-------- Given data
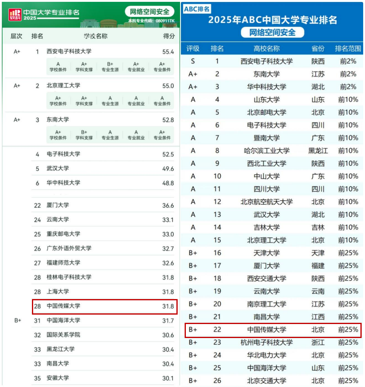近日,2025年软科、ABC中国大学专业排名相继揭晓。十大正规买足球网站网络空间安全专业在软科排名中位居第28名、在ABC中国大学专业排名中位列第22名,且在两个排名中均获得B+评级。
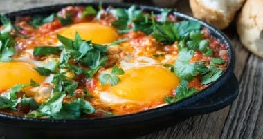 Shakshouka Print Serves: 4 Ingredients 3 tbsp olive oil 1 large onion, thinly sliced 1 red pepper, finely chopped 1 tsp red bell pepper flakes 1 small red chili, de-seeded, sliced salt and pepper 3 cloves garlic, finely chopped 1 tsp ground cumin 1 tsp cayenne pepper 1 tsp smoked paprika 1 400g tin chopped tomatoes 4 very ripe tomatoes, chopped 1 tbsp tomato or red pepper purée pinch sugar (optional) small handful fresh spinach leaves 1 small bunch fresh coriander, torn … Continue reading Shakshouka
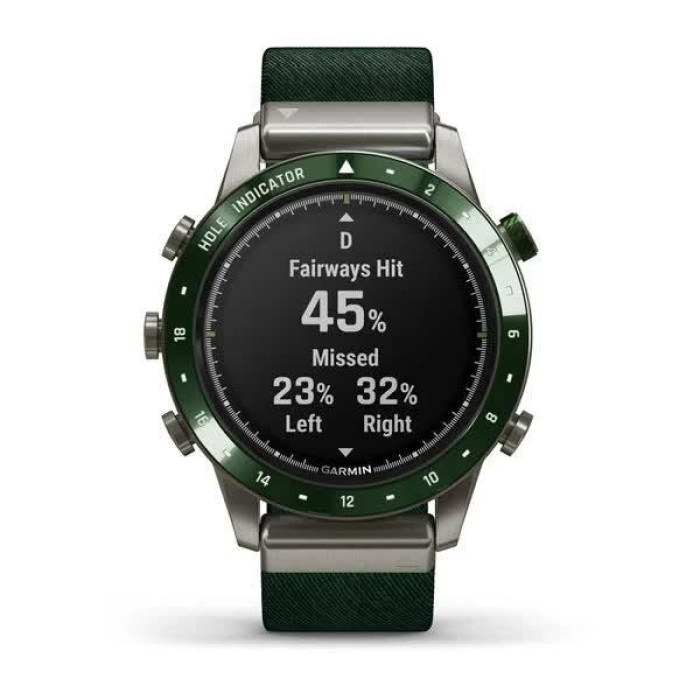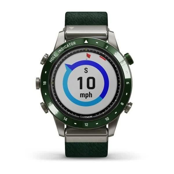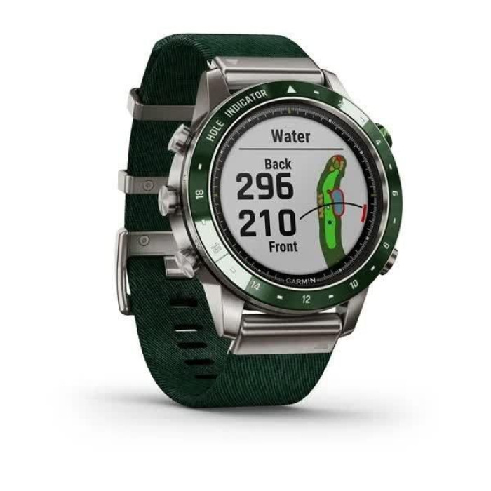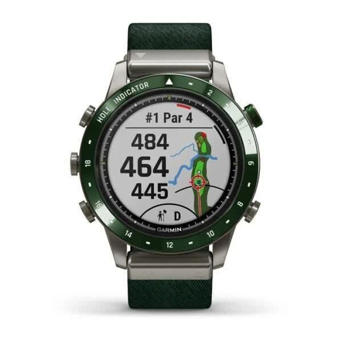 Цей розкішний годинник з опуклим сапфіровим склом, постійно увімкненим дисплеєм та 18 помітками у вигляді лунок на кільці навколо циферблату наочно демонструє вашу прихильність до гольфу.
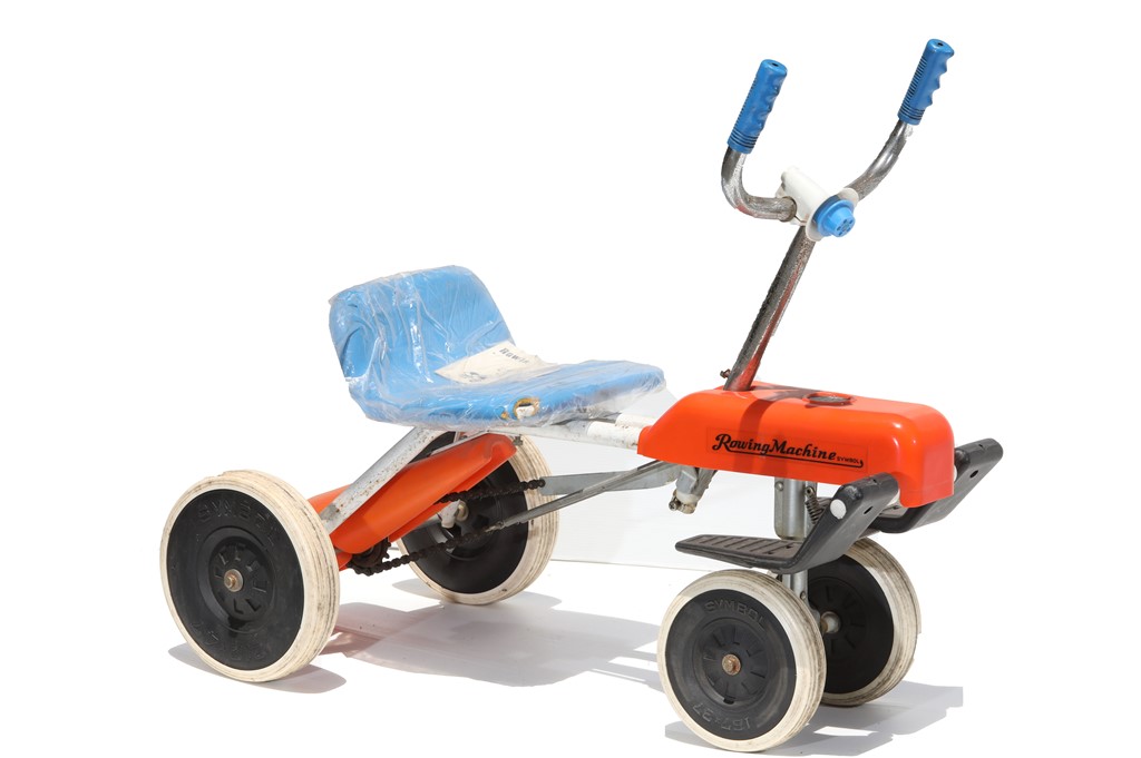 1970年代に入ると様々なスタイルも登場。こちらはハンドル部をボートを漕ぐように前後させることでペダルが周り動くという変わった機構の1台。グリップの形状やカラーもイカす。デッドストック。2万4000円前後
----------------
▶ **What you need to do**
Starting with the line that holds "Shakshouka Print Serves: 4", print each line through the last one of the data exactly as written, but do not include the pictures.

▶ **Answer to the exercise**
 Shakshouka Print Serves: 4 Ingredients 3 tbsp olive oil 1 large onion, thinly sliced 1 red pepper, finely chopped 1 tsp red bell pepper flakes 1 small red chili, de-seeded, sliced salt and pepper 3 cloves garlic, finely chopped 1 tsp ground cumin 1 tsp cayenne pepper 1 tsp smoked paprika 1 400g tin chopped tomatoes 4 very ripe tomatoes, chopped 1 tbsp tomato or red pepper purée pinch sugar (optional) small handful fresh spinach leaves 1 small bunch fresh coriander, torn … Continue reading Shakshouka
 Цей розкішний годинник з опуклим сапфіровим склом, постійно увімкненим дисплеєм та 18 помітками у вигляді лунок на кільці навколо циферблату наочно демонструє вашу прихильність до гольфу.
 1970年代に入ると様々なスタイルも登場。こちらはハンドル部をボートを漕ぐように前後させることでペダルが周り動くという変わった機構の1台。グリップの形状やカラーもイカす。デッドストック。2万4000円前後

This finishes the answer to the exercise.